DATASET EXCERPTS:

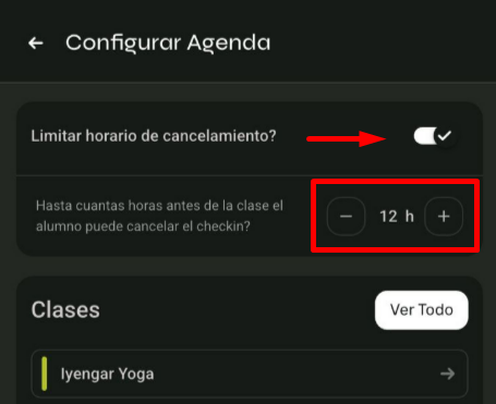 De esta forma, podrás definir cuántas horas antes de la clase el alumno podrá cancelar su check-in.
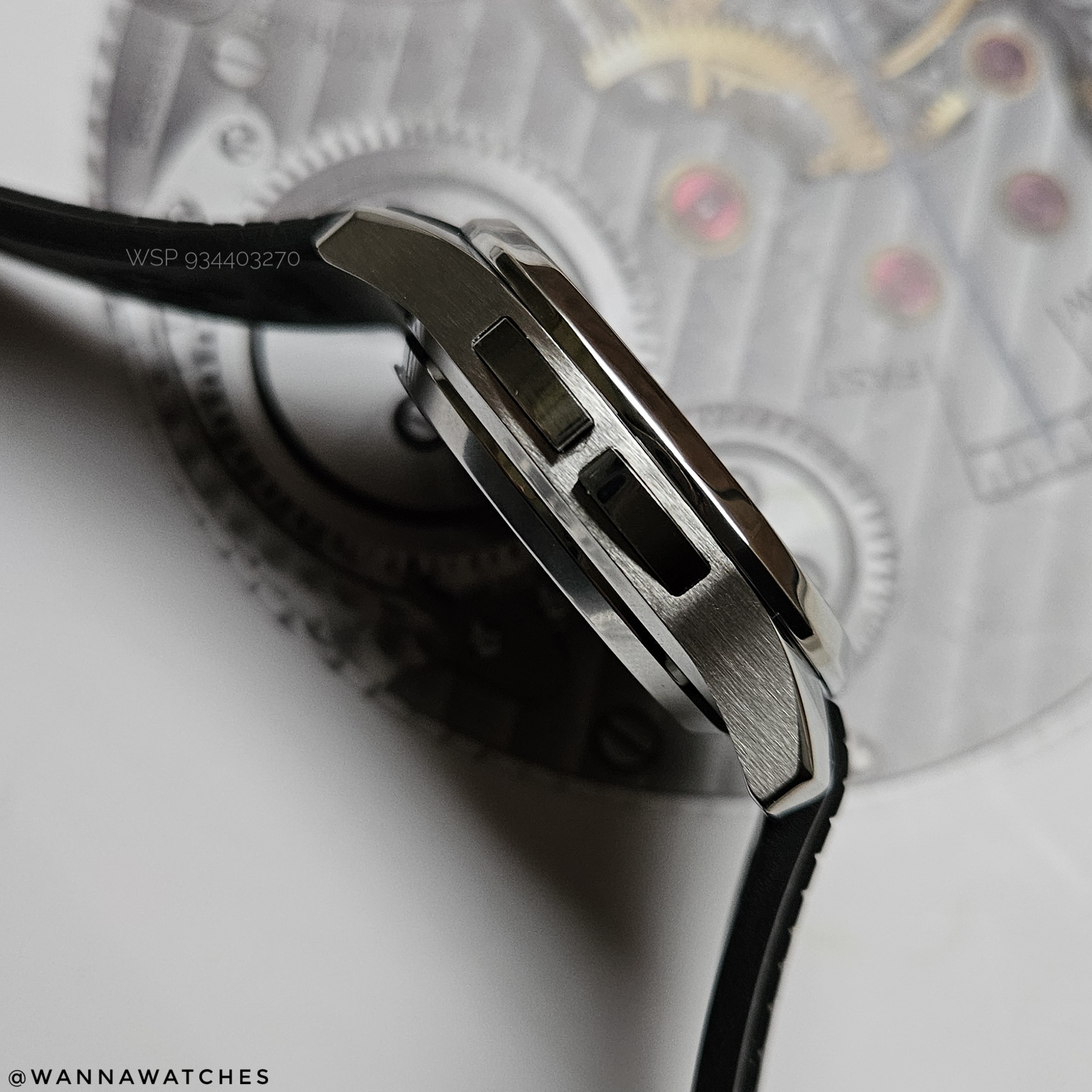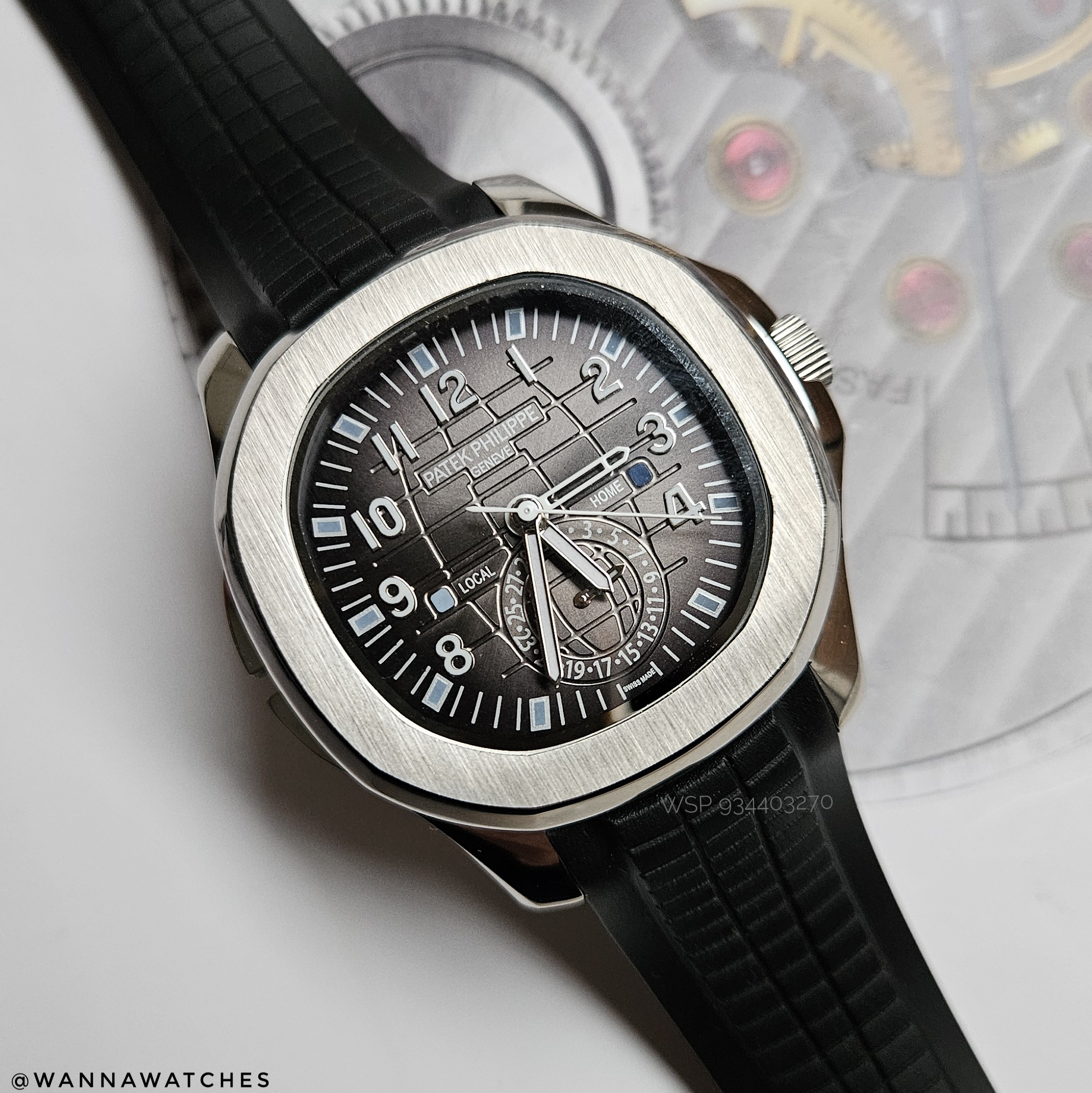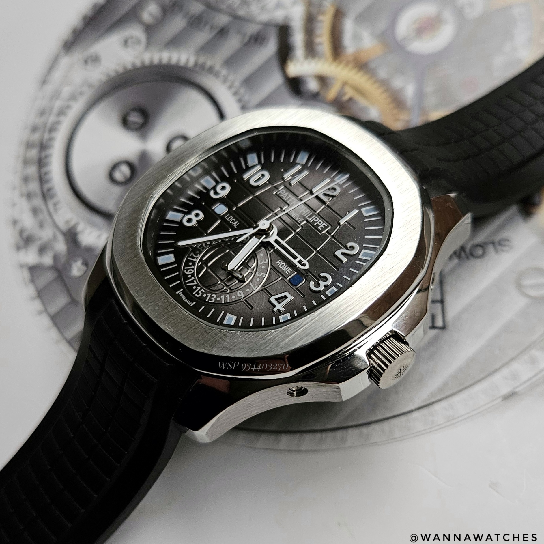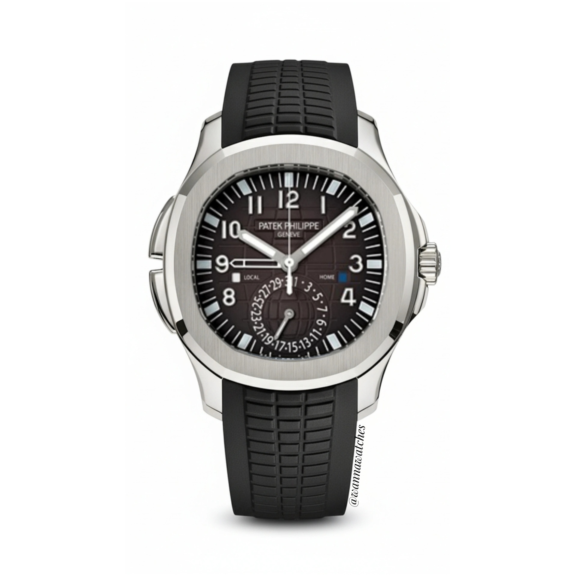 Inspirado en el célebre Aquanaut Travel Time 5164A, este modelo combina deportividad, elegancia y estilo contemporáneo. Su diseño moderno, con caja de acero pulido y correa de caucho negra, ofrece una presencia sólida y versátil, ideal tanto para uso diario como para ocasiones especiales.
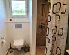 Pænt nyt badeværelse m. WC, håndvask i skabsarrangement, bruseniche.
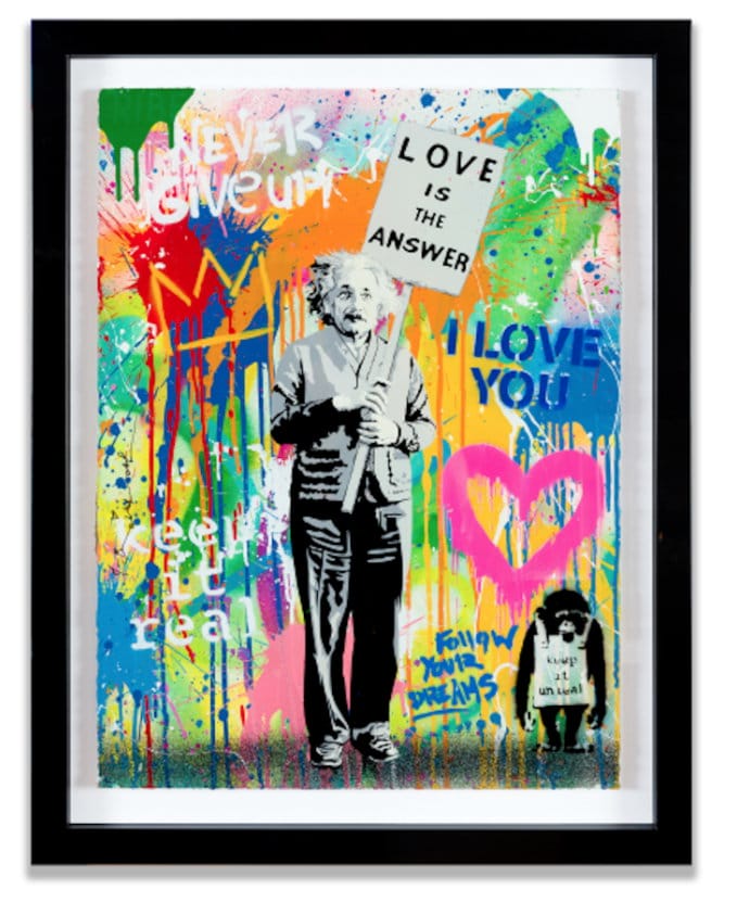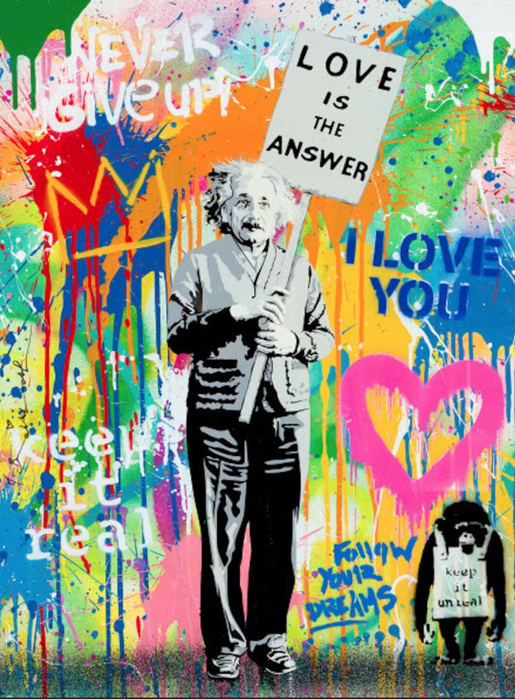 “Einstein” 2023 – Iconic street art work by Mr. Brainwash, screen print on glass
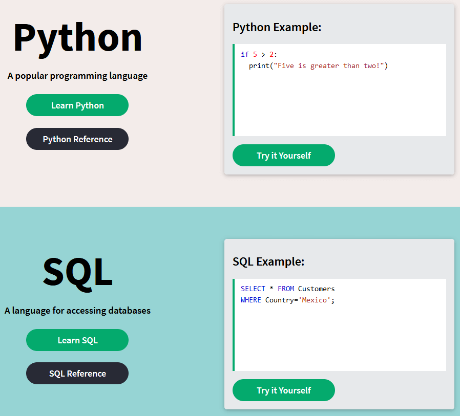 W3Schools är en av de mest populära gratis kodningsresurserna där ute. Du hittar handledningar för de vanligaste programmeringsspråken och du behöver inte ens ett konto. Du hittar också de bästa textbaserade handledningarna som kommer med korta men tydliga förklaringar följt av kodexempel, och du kan testa dig själv med övningar och frågesporter.
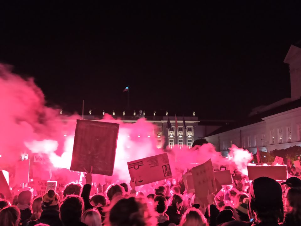 Z Kurii na Miodowej tłum przeniósł się pod Pałac Prezydencki. Ludzie krzyczą: „Czemu milczysz pierwsza damo?” – kierując pytanie do Agaty Dudy.
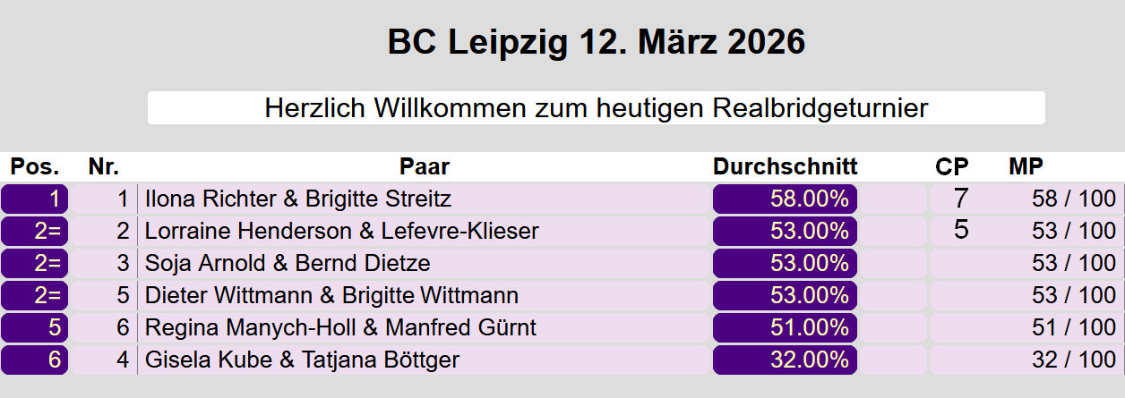| Paarturnier | 12.03.2026 | Ergebnis | Details bei Realbridge | PBN-Datei |
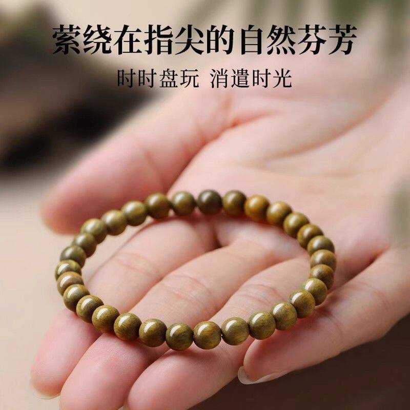 新中式天然绿檀木手串佛珠文玩檀香木绿檀男女款手链木质盘玩解压
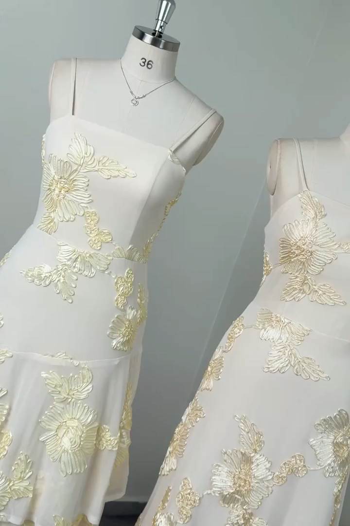 Occasion: This Yellow Floral A-Line Long Prom Dress is a sunny and romantic choice that captures the essence of spring elegance. The gown features a sleek square neckline with delicate spaghetti straps, leading to a beautiful lace-up back that ensures a perfect, adjustable fit. Its airy A-line silhouette is crafted from soft tulle, embellished with intricate 3D floral appliqués that bloom across the entire dress for a textured, whimsical look. This enchanting gown is perfect for proms, garden parties, outdoor weddings, or spring formals where you want to radiate a fresh and feminine glow.

WHAT IS EXPECTED: Beginning with the line above that has "Inspirado en el" and going on through the line that has "新中式天然绿檀木手串佛珠文玩檀香木绿檀男女款手链木质盘玩解压", retype every line exactly and add nothing else; drop the pictures.

TASK SOLUTION:
 Inspirado en el célebre Aquanaut Travel Time 5164A, este modelo combina deportividad, elegancia y estilo contemporáneo. Su diseño moderno, con caja de acero pulido y correa de caucho negra, ofrece una presencia sólida y versátil, ideal tanto para uso diario como para ocasiones especiales.
 Pænt nyt badeværelse m. WC, håndvask i skabsarrangement, bruseniche.
 “Einstein” 2023 – Iconic street art work by Mr. Brainwash, screen print on glass
 W3Schools är en av de mest populära gratis kodningsresurserna där ute. Du hittar handledningar för de vanligaste programmeringsspråken och du behöver inte ens ett konto. Du hittar också de bästa textbaserade handledningarna som kommer med korta men tydliga förklaringar följt av kodexempel, och du kan testa dig själv med övningar och frågesporter.
 Z Kurii na Miodowej tłum przeniósł się pod Pałac Prezydencki. Ludzie krzyczą: „Czemu milczysz pierwsza damo?” – kierując pytanie do Agaty Dudy.
| Paarturnier | 12.03.2026 | Ergebnis | Details bei Realbridge | PBN-Datei |
 新中式天然绿檀木手串佛珠文玩檀香木绿檀男女款手链木质盘玩解压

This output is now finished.